• [WHAT YOU SHOULD DO]: Would you print only the lines running from the one with "WOSHEER Lash Clusters" to the final line of the data below, word for word and without pictures?

• [SOURCE DATA]:
---

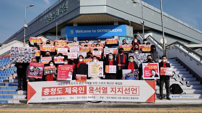 전국 체육인 사랑 네트워크는 9일 오전 11시 충남 천안 유관순체육관에서 충청도 지부 회원 1000여 명이 윤석열 지지선언 기자회견을 진행했다고 밝혔다.
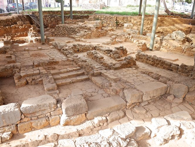 Un peu plus haut que le port, et à proximité du grand arsenal, des fouilles (ci-dessous) confirmèrent que le site de Chania avait bien été occupé dès l'époque prépalatiale (3000-2000 avant J.C) et sans discontinuité jusqu'à nos jours. Les ruines minoennes visibles le long de la rue Kanevaro, ont été mises à jour depuis 1965, et permettent d'observer les fondations d'une grande maison du XIV ème siècle avant J.C, dans laquelle furent découverts plus de 300 vases intacts, des inscriptions, et des bijoux exposés depuis, au musée archéologique de la ville.
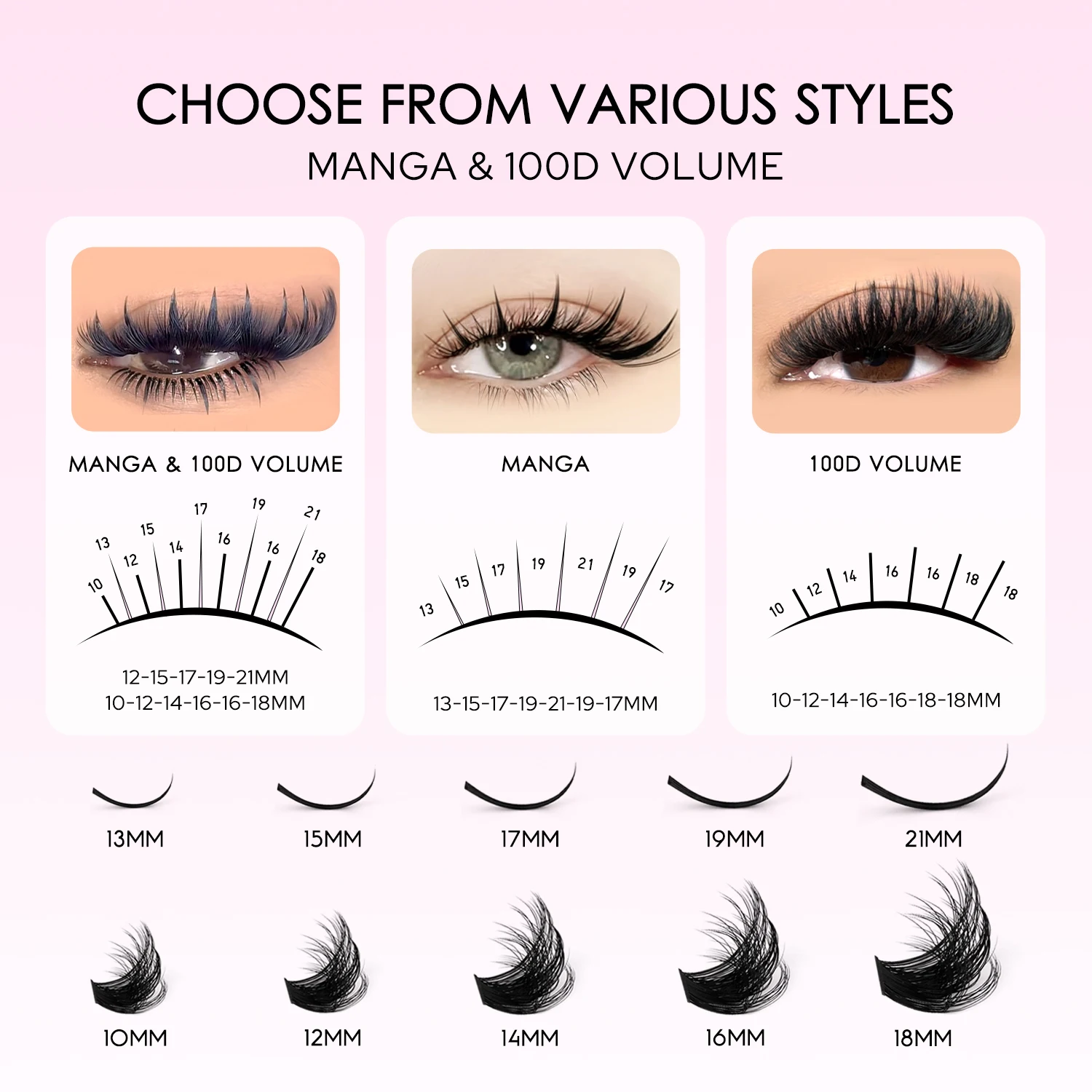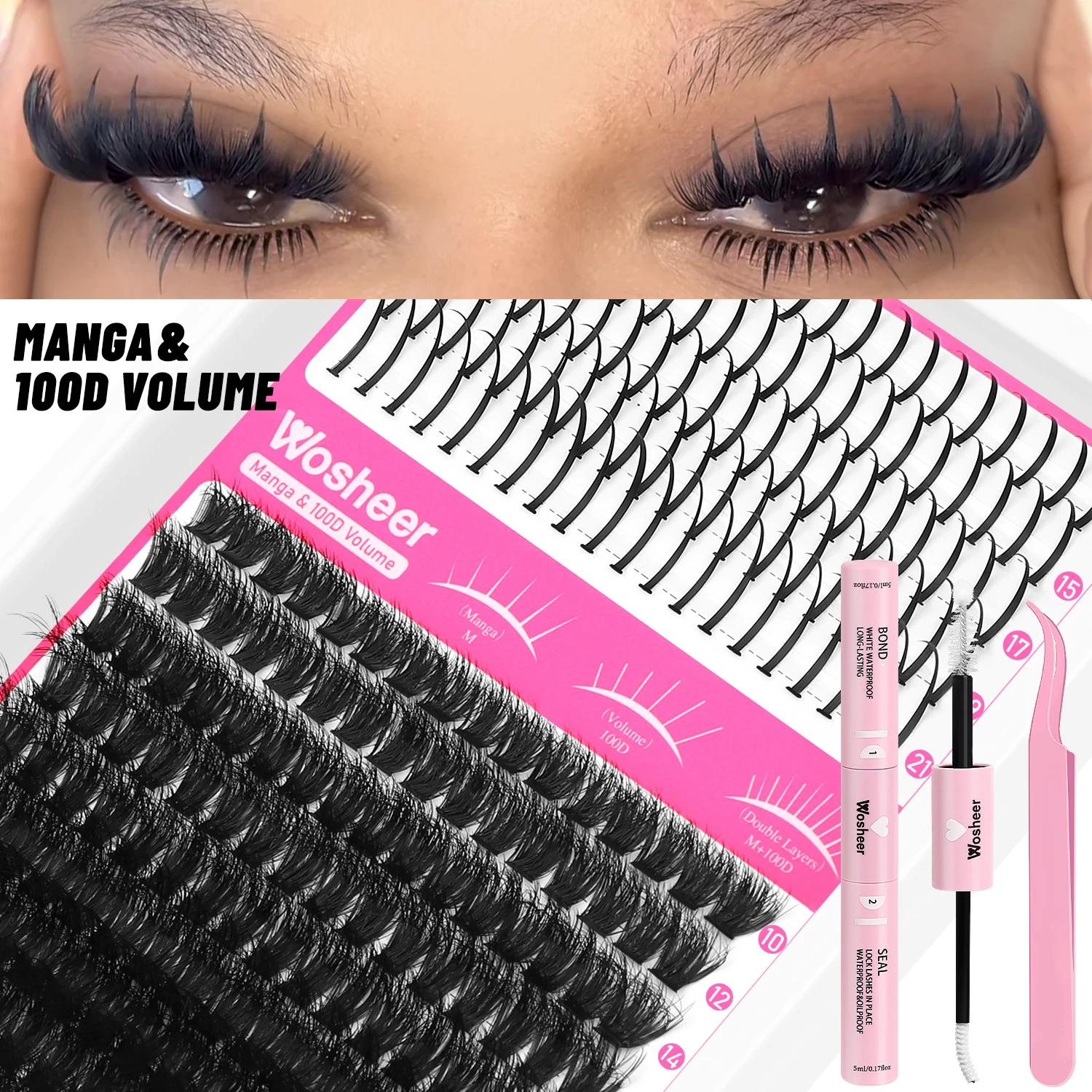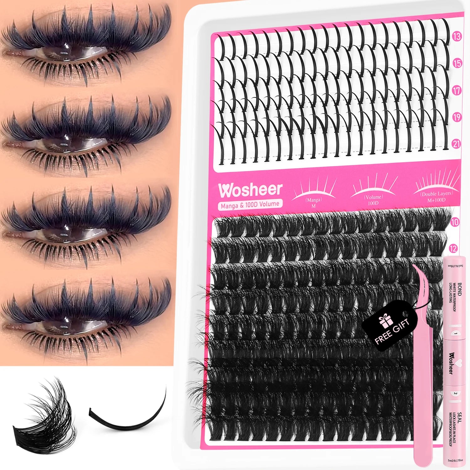 WOSHEER Lash Clusters Kit Lash Spikes Eyelash Clusters Volume Individual Lashes DIY Spiky Lash Extension Manga Clusters Eyelash
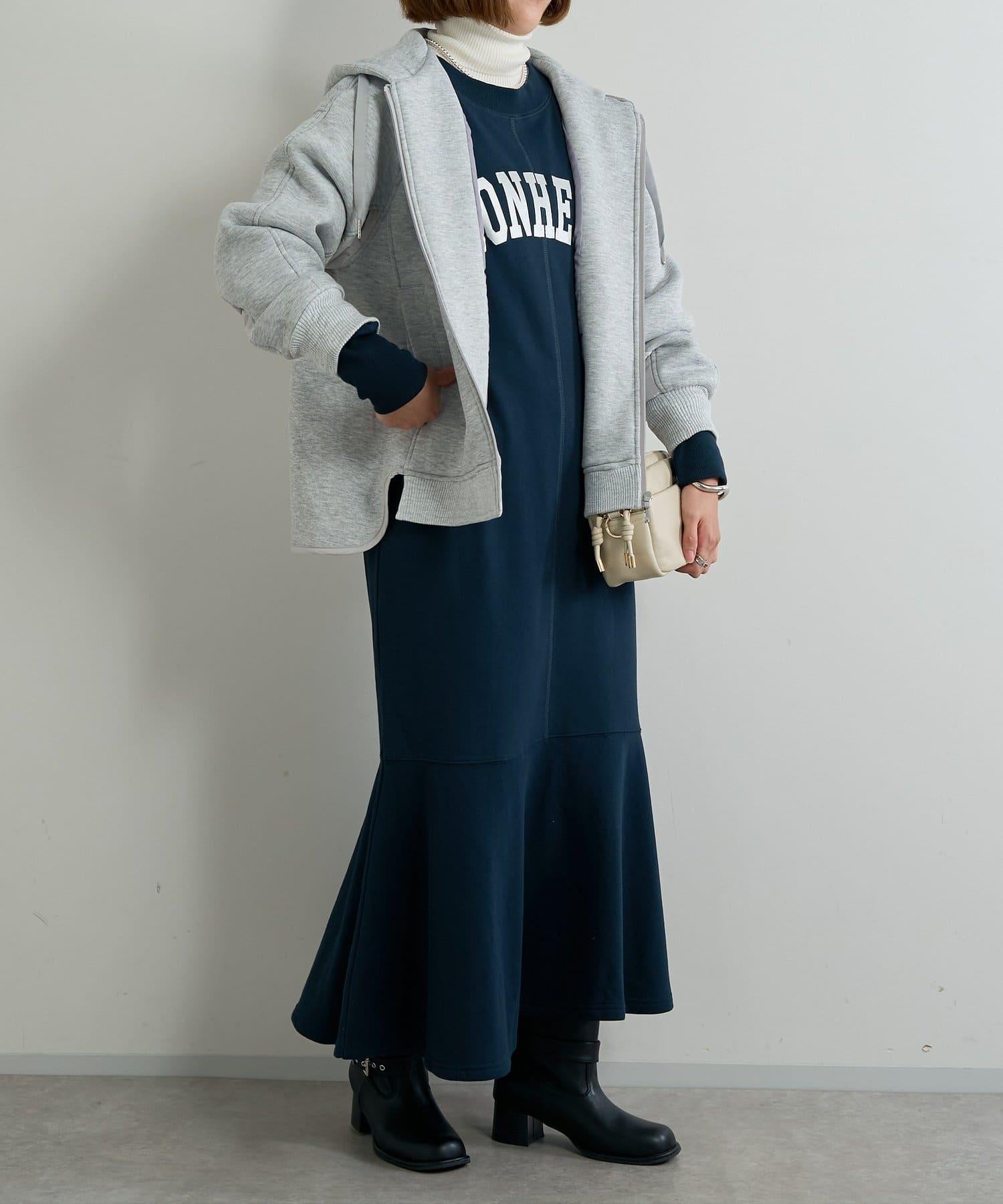 美人魚的輪廓向下擺延伸,營造出女性的優雅氣質,同時採用休閒衛衣面料。

---

• [RESULT]:
 WOSHEER Lash Clusters Kit Lash Spikes Eyelash Clusters Volume Individual Lashes DIY Spiky Lash Extension Manga Clusters Eyelash
 美人魚的輪廓向下擺延伸,營造出女性的優雅氣質,同時採用休閒衛衣面料。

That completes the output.